08/06 2024 421
The biggest news in the world over the past two days has probably been the chip giant Intel's renewed losses, leading to the need to lay off 15,000 employees and a market capitalization drop below $100 billion. In contrast, South Korean chipmaker Samsung Electronics' profits soared 14-fold. The difference lies in their attitudes towards the Chinese market.
Last year, Samsung's performance also plummeted, but in the second quarter of this year, Samsung's profits soared more than 14 times. One of the reasons is that it can continue to sell memory chips to China. China purchases South Korean memory chips, and the industry estimates that more than 40% of South Korean chip exports are sold to China, and Samsung is precisely South Korea's largest memory chip company.
Memory chips are essential for various industries, including servers, PCs, mobile phones, etc. Especially with the significant development of AI in recent years, AI requires a lot of data for training, and these massive amounts of data require massive amounts of storage chips for storage, driving up the price of storage chips.
In contrast, Intel experienced a record quarterly loss of $2.7 billion in 2022. Although it managed to turn around its losses in 2023, from October 2023 onwards, due to US restrictions on chip sales to China, Intel's high-end GPUs and server chips could no longer be sold to China, further damaging Intel.
Intel has suffered losses again this year, with the latest earnings announcement revealing a loss of $1.6 billion in the second quarter. Consequently, Intel plans to lay off 15,000 employees, highlighting the significant impact of the restrictions on sales to China. The US approach not only hurts Intel but also the entire US chip industry.

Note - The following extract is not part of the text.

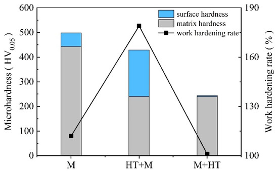 It was found that the surface microstructure of the workpiece underwent changes after the M + HT and HT + M processes were performed on the as-received GH4169. The microhardness of GH4169 is closely related to its microstructure [16]. After the sequential production processes, the surface microhardness was measured for various workpiece conditions, as shown in Figure 6. The bar chart shows the microhardness of the workpiece matrix and the surface (HV0, HV), and the line chart shows the degree of work hardening (HV/HV0 × 100%). It is clear from Figure 6 that there was a significant decrement in the matrix hardness from the as-received GH4169 (443 ± 10 HV0.05) to the heat-treated state (240 ± 5 HV0.05). Thus, it can be concluded that the solution heat treatment made the material soft. Previous studies have shown that heat treatment above 750 °C induced dissolution of γ″ and γ’ nanoprecipitates, which should lead to the strengthening of GH4169 [17,18].
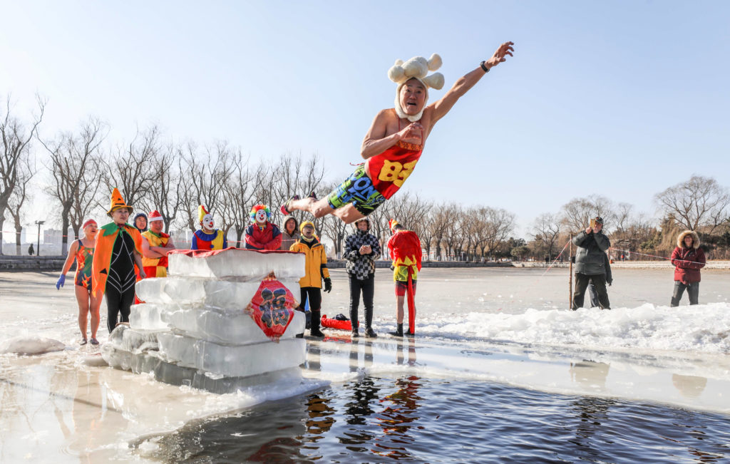 A swimming enthusiast in festive attire jumps into cold river at Beiling Park on the first day of the Lunar New Year in Shenyang, Liaoning Province of China. Photo by VCG/VCG via Getty Images

As the largest chip company in the US, Intel also bears the responsibility of promoting the development of US chip manufacturing. Over the past decade, the US's chip manufacturing capacity has continued to shrink, with most of the manufacturing outsourced to Asia's TSMC and Samsung, leading to concerns about chip manufacturing security in the US.
To revitalize chip manufacturing, the US used a combination of carrots and sticks to force Samsung and TSMC to set up factories in the US. However, Samsung and TSMC only received around 10% of the chip subsidies, while Intel received the most. The US provided Intel with billions of dollars in subsidies.

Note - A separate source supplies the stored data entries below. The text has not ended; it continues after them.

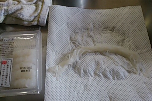 ワームは漬け込んでも液を吸わないので違うものも作ってみることにする。あこないだからやってる ガルプ液の漬け込みですけどね。以前も試したことのあるこんにゃくです。釣れない事もないけど 驚くほどつれなかった・・・・・こいつをガルプにしてみようと思います。ちまたでガルコンといわれるやつですね(^o^)早速 糸こんにゃくをキッチンペーパーで水抜き。このまま置いときます。・・・・・・・・・・ここでショックなことが!なんだかわからない嫁さんに捨てられちゃった(T.T)皆さんは 一筆書いといたほうが良いです。で再度やり直し・・・・で完成?いい入れ物が無かったんで100均ワームを一つ開封して 入れ物にしました。これで爆釣となればいいんですけどね(^^;)とにかくコストパフォーマンスは抜群です。にほんブログ村 家族ブログにほんブログ村 家庭・家族にほんブログ村 ハンドメイドブログにほんブログ村 木工にほんブログ村 車 修理・整備にほんブログ村 自作PCにほんブログ村
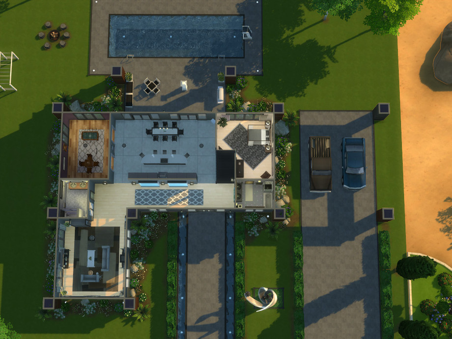 Large contemporary home. Four bedrooms and three bathrooms. Large eat-in Kitchen, Game room, first floor master bedroom suite. Balconies and natural Light galore. I built this house a while ago and it was my playthrough house at the time. No CC was used in this home.
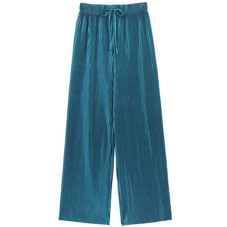 Women Fashion Summer Wide Leg Pants Pleated Ice Silk Trousers Elastic Waist Loose Casual Pants
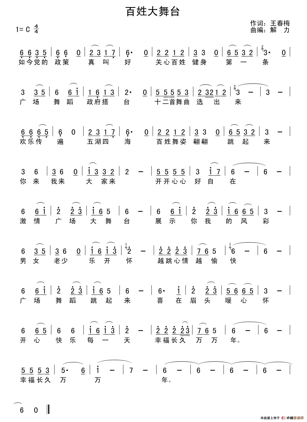 百姓大舞台 (王春梅词 解力曲)曲谱是由作词:王春梅作曲:解力,上传:秋叶起舞,版权归原作者所有。
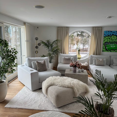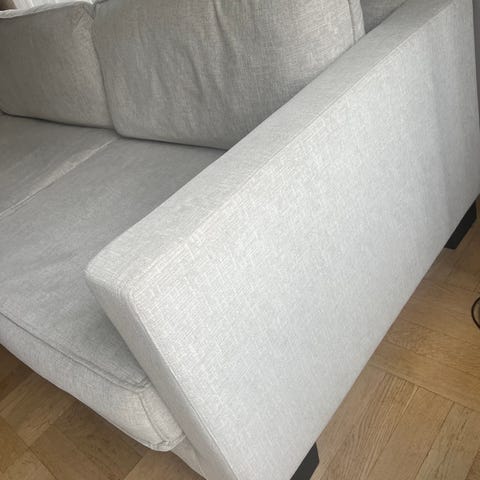 Säljer denna finns soffa, klädd i ett ljust Boucle-tyg från NoGA, framtagen av Nordiska Galleriet och inköpt på Länna Möbler 2025. Modellen heter Famn och är i absolut nyskick. Väldigt sparsamt använd.

However, with Intel now facing huge losses and massive layoffs, the US's ambitions in chip manufacturing are bound to be dashed. The US's goal of regaining its leading position in chip manufacturing may therefore be frustrated. Intel executives have long predicted that if the US cannot sell chips to China, who else will buy American chips, and is it necessary to build a $100 billion factory in Ohio? Now that Intel is in a difficult situation, the mass production plan for the $100 billion factory in Ohio has been delayed.
In fact, not only has Intel suffered a severe blow. NVIDIA, which is also restricted from selling to China, has seen its revenue from the Chinese market drop from a quarter to one-sixth. Micron, a competitor to South Korean memory chips, has also seen a significant decrease in revenue from the Chinese market. These US chip companies are now naturally envious of South Korean chips, which can make huge profits from China.
This reality demonstrates that the US approach has dealt a significant blow to the US chip industry. After all, China is the world's largest chip market. By restricting US chip sales, the US has suffered enormous losses, while South Korean chips have earned substantial revenue. This proves that the US chip industry genuinely needs the Chinese market. Bill Gates, an American billionaire, has also warned that the US approach could deal a significant blow to the US chip industry.